Assigned task = Return all of the following entries as written, but without the images.
# # # #
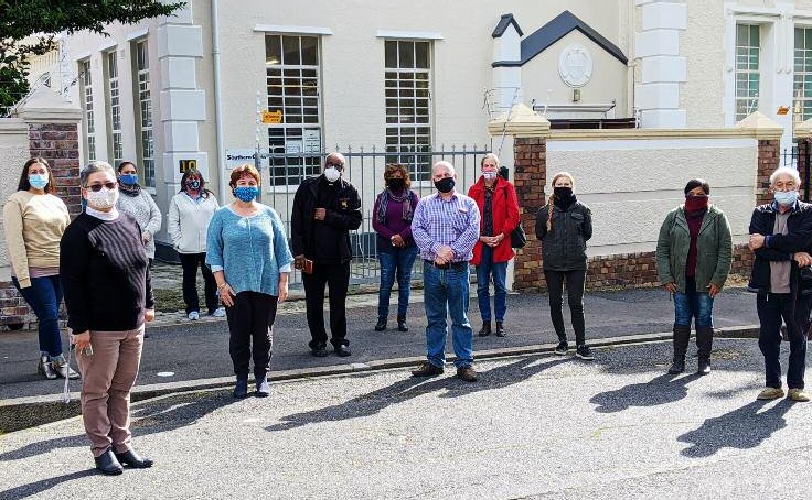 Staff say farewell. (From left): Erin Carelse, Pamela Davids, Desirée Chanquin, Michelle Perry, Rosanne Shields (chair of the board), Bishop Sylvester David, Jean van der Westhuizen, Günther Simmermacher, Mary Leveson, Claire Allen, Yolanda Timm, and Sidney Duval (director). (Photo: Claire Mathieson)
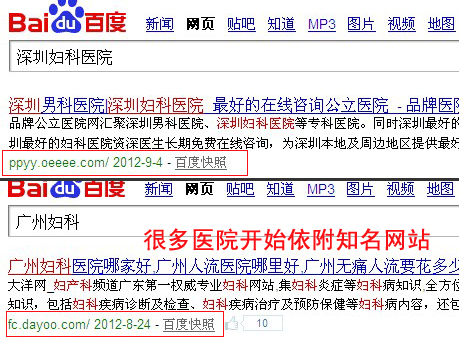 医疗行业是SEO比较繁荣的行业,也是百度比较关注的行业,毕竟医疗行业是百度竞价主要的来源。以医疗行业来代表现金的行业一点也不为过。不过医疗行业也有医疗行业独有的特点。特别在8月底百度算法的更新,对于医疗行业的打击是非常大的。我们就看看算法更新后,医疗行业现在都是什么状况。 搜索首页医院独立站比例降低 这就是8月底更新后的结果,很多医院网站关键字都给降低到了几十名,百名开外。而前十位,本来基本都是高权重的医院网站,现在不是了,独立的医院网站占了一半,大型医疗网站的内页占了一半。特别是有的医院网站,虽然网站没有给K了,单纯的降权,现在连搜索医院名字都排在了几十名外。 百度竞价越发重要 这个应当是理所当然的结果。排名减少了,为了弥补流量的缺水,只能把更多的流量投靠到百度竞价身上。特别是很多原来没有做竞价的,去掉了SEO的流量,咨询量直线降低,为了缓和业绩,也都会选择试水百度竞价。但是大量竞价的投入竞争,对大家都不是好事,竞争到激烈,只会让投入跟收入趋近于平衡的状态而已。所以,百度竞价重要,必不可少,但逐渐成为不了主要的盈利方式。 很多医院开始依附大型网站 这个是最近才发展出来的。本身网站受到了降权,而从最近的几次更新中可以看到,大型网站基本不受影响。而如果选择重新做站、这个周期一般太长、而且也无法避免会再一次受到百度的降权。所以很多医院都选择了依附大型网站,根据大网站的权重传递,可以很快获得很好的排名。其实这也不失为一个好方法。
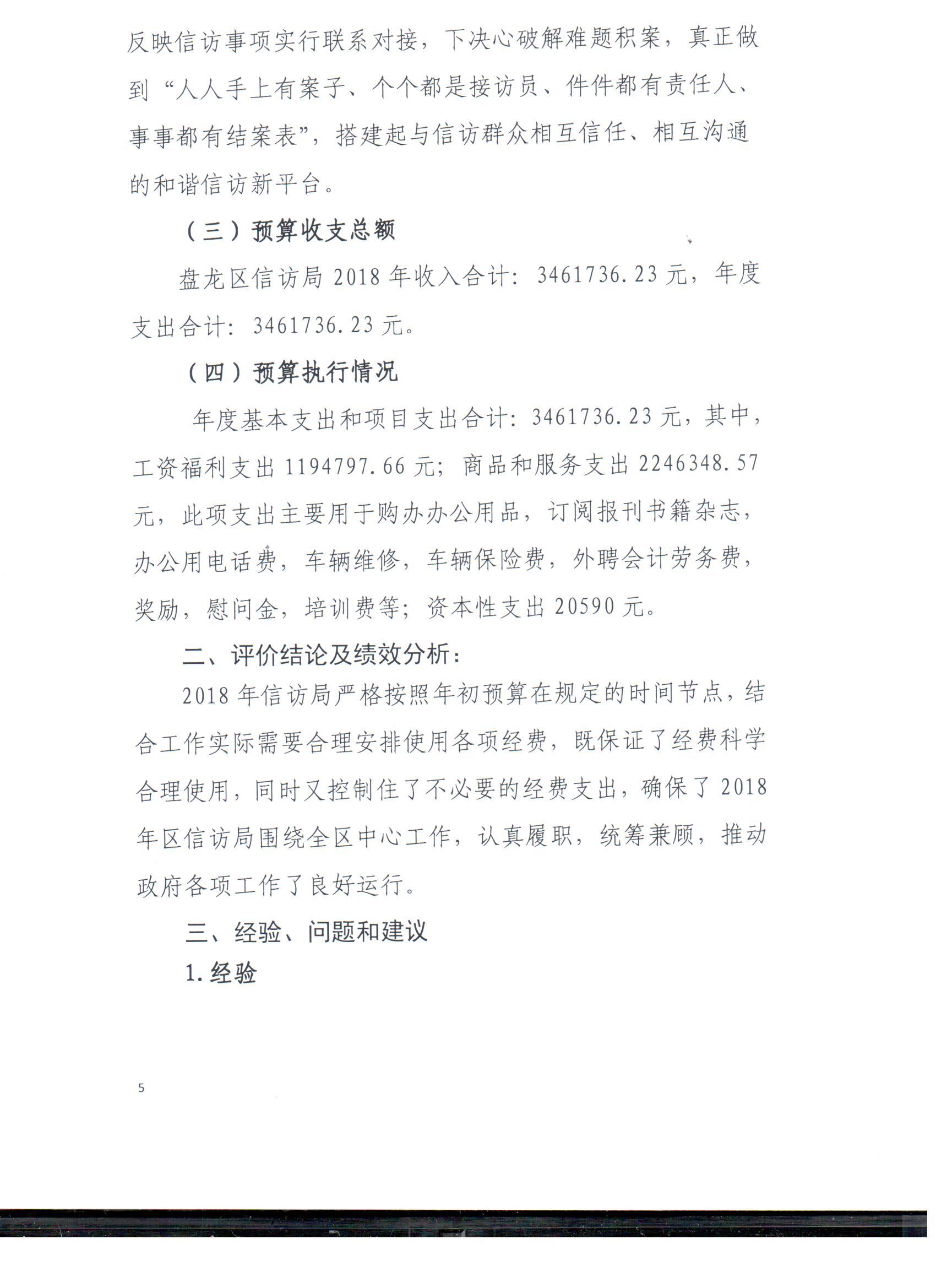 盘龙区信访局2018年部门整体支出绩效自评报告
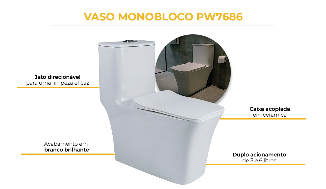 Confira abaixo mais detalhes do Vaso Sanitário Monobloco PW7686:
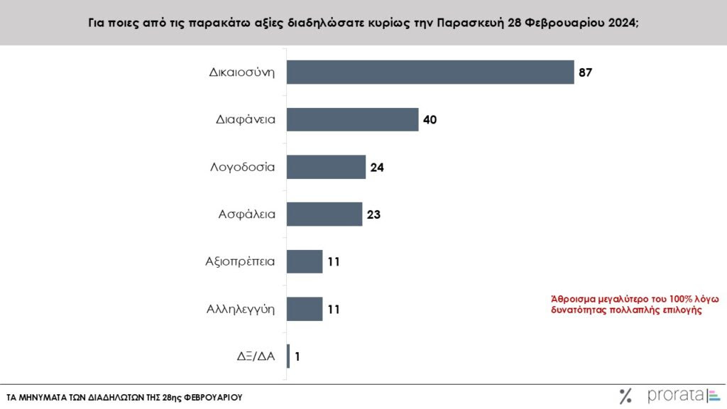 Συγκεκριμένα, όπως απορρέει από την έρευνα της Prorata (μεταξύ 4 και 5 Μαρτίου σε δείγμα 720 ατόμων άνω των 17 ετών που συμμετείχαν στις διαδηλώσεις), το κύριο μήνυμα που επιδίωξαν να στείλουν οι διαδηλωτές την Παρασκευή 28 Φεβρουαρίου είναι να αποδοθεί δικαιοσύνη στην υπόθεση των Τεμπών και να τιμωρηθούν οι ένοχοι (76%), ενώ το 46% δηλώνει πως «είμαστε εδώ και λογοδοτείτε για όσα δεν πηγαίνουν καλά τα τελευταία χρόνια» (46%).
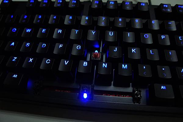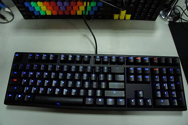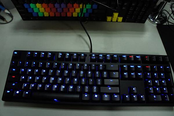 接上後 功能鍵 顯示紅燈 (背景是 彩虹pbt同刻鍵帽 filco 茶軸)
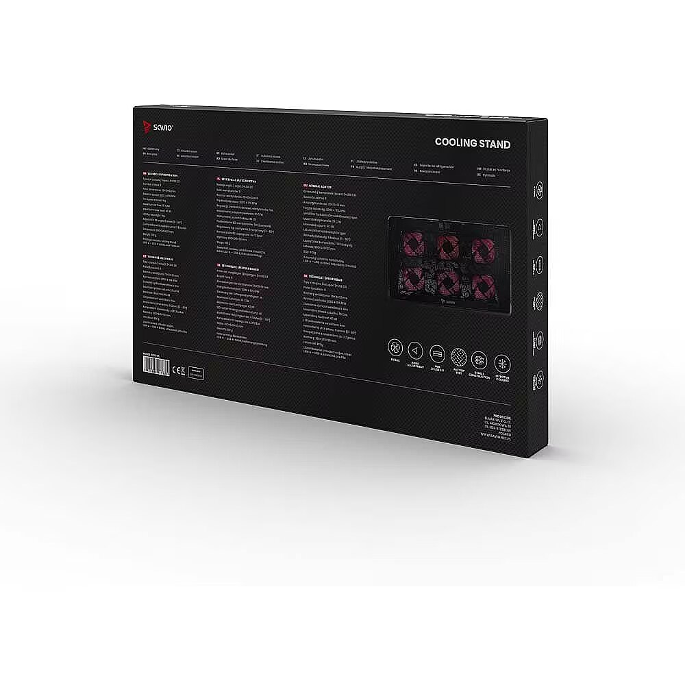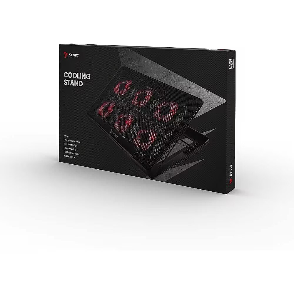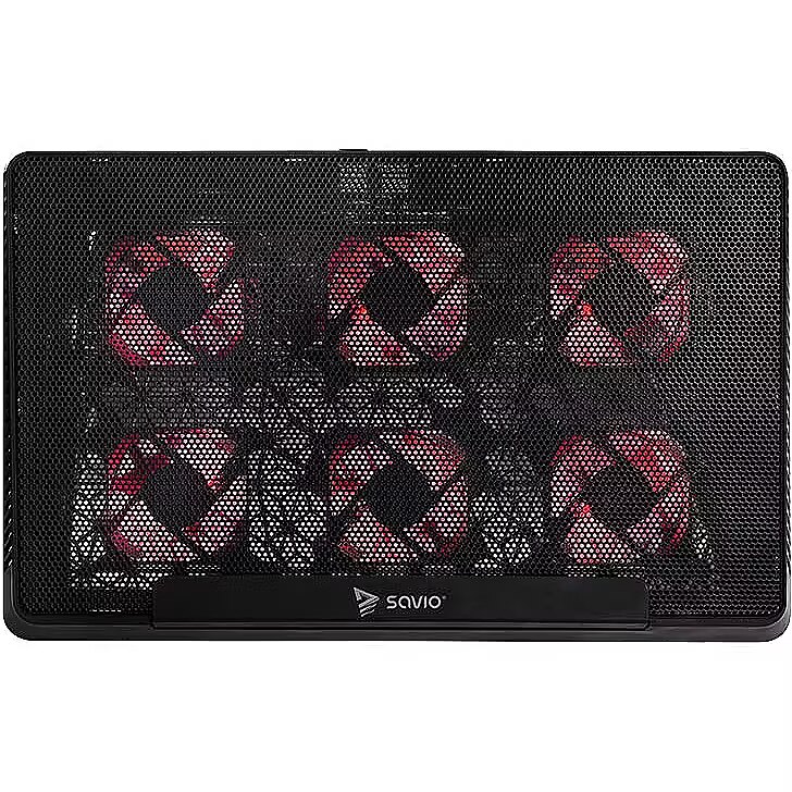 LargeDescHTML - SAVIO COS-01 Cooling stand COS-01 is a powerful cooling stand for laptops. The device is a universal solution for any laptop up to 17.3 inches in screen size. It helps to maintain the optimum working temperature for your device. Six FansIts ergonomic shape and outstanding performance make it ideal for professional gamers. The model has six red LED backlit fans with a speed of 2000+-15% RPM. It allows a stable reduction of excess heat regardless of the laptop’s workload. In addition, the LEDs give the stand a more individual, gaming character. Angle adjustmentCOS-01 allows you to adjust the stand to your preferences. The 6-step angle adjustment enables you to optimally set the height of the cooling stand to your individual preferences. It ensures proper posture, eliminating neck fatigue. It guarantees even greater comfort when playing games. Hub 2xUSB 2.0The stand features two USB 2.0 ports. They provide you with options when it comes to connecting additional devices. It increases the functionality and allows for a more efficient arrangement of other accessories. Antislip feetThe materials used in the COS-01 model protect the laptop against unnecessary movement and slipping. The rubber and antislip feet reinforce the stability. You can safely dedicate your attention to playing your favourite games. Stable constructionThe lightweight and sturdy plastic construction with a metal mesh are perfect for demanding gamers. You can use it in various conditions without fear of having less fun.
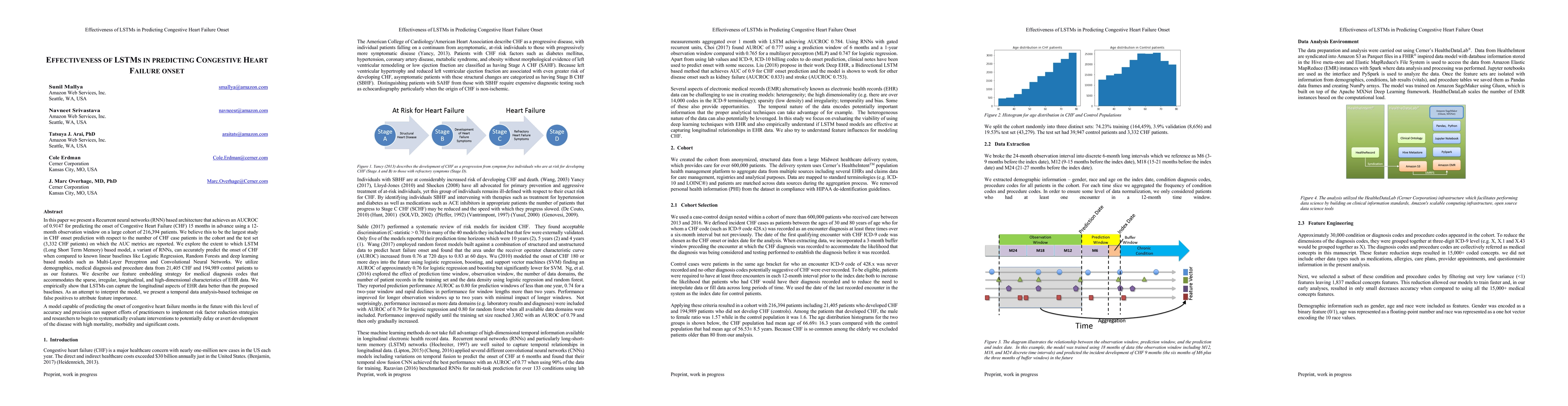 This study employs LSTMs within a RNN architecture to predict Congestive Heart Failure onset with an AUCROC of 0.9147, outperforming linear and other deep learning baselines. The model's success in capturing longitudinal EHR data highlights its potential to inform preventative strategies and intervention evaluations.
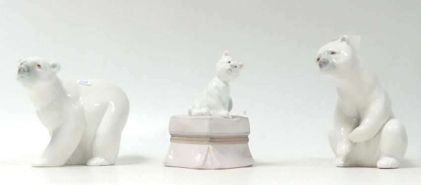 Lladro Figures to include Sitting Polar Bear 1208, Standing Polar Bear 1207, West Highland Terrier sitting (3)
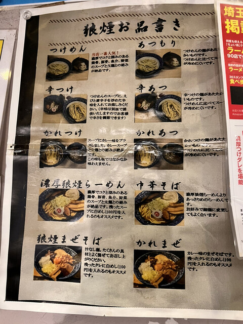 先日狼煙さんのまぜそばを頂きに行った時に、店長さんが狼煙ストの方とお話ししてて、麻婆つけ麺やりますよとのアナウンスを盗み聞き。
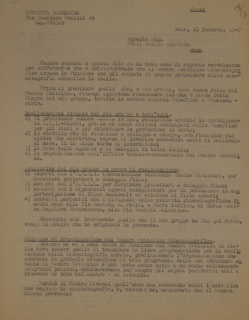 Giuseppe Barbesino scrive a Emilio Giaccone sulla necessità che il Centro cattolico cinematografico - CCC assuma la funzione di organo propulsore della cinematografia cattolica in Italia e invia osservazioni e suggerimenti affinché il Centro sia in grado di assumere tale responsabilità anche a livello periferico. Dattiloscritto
# # # #
Finished exercise =
 Staff say farewell. (From left): Erin Carelse, Pamela Davids, Desirée Chanquin, Michelle Perry, Rosanne Shields (chair of the board), Bishop Sylvester David, Jean van der Westhuizen, Günther Simmermacher, Mary Leveson, Claire Allen, Yolanda Timm, and Sidney Duval (director). (Photo: Claire Mathieson)
 医疗行业是SEO比较繁荣的行业,也是百度比较关注的行业,毕竟医疗行业是百度竞价主要的来源。以医疗行业来代表现金的行业一点也不为过。不过医疗行业也有医疗行业独有的特点。特别在8月底百度算法的更新,对于医疗行业的打击是非常大的。我们就看看算法更新后,医疗行业现在都是什么状况。 搜索首页医院独立站比例降低 这就是8月底更新后的结果,很多医院网站关键字都给降低到了几十名,百名开外。而前十位,本来基本都是高权重的医院网站,现在不是了,独立的医院网站占了一半,大型医疗网站的内页占了一半。特别是有的医院网站,虽然网站没有给K了,单纯的降权,现在连搜索医院名字都排在了几十名外。 百度竞价越发重要 这个应当是理所当然的结果。排名减少了,为了弥补流量的缺水,只能把更多的流量投靠到百度竞价身上。特别是很多原来没有做竞价的,去掉了SEO的流量,咨询量直线降低,为了缓和业绩,也都会选择试水百度竞价。但是大量竞价的投入竞争,对大家都不是好事,竞争到激烈,只会让投入跟收入趋近于平衡的状态而已。所以,百度竞价重要,必不可少,但逐渐成为不了主要的盈利方式。 很多医院开始依附大型网站 这个是最近才发展出来的。本身网站受到了降权,而从最近的几次更新中可以看到,大型网站基本不受影响。而如果选择重新做站、这个周期一般太长、而且也无法避免会再一次受到百度的降权。所以很多医院都选择了依附大型网站,根据大网站的权重传递,可以很快获得很好的排名。其实这也不失为一个好方法。
 盘龙区信访局2018年部门整体支出绩效自评报告
 Confira abaixo mais detalhes do Vaso Sanitário Monobloco PW7686:
 Συγκεκριμένα, όπως απορρέει από την έρευνα της Prorata (μεταξύ 4 και 5 Μαρτίου σε δείγμα 720 ατόμων άνω των 17 ετών που συμμετείχαν στις διαδηλώσεις), το κύριο μήνυμα που επιδίωξαν να στείλουν οι διαδηλωτές την Παρασκευή 28 Φεβρουαρίου είναι να αποδοθεί δικαιοσύνη στην υπόθεση των Τεμπών και να τιμωρηθούν οι ένοχοι (76%), ενώ το 46% δηλώνει πως «είμαστε εδώ και λογοδοτείτε για όσα δεν πηγαίνουν καλά τα τελευταία χρόνια» (46%).
 接上後 功能鍵 顯示紅燈 (背景是 彩虹pbt同刻鍵帽 filco 茶軸)
 LargeDescHTML - SAVIO COS-01 Cooling stand COS-01 is a powerful cooling stand for laptops. The device is a universal solution for any laptop up to 17.3 inches in screen size. It helps to maintain the optimum working temperature for your device. Six FansIts ergonomic shape and outstanding performance make it ideal for professional gamers. The model has six red LED backlit fans with a speed of 2000+-15% RPM. It allows a stable reduction of excess heat regardless of the laptop’s workload. In addition, the LEDs give the stand a more individual, gaming character. Angle adjustmentCOS-01 allows you to adjust the stand to your preferences. The 6-step angle adjustment enables you to optimally set the height of the cooling stand to your individual preferences. It ensures proper posture, eliminating neck fatigue. It guarantees even greater comfort when playing games. Hub 2xUSB 2.0The stand features two USB 2.0 ports. They provide you with options when it comes to connecting additional devices. It increases the functionality and allows for a more efficient arrangement of other accessories. Antislip feetThe materials used in the COS-01 model protect the laptop against unnecessary movement and slipping. The rubber and antislip feet reinforce the stability. You can safely dedicate your attention to playing your favourite games. Stable constructionThe lightweight and sturdy plastic construction with a metal mesh are perfect for demanding gamers. You can use it in various conditions without fear of having less fun.
 This study employs LSTMs within a RNN architecture to predict Congestive Heart Failure onset with an AUCROC of 0.9147, outperforming linear and other deep learning baselines. The model's success in capturing longitudinal EHR data highlights its potential to inform preventative strategies and intervention evaluations.
 Lladro Figures to include Sitting Polar Bear 1208, Standing Polar Bear 1207, West Highland Terrier sitting (3)
 先日狼煙さんのまぜそばを頂きに行った時に、店長さんが狼煙ストの方とお話ししてて、麻婆つけ麺やりますよとのアナウンスを盗み聞き。
 Giuseppe Barbesino scrive a Emilio Giaccone sulla necessità che il Centro cattolico cinematografico - CCC assuma la funzione di organo propulsore della cinematografia cattolica in Italia e invia osservazioni e suggerimenti affinché il Centro sia in grado di assumere tale responsabilità anche a livello periferico. Dattiloscritto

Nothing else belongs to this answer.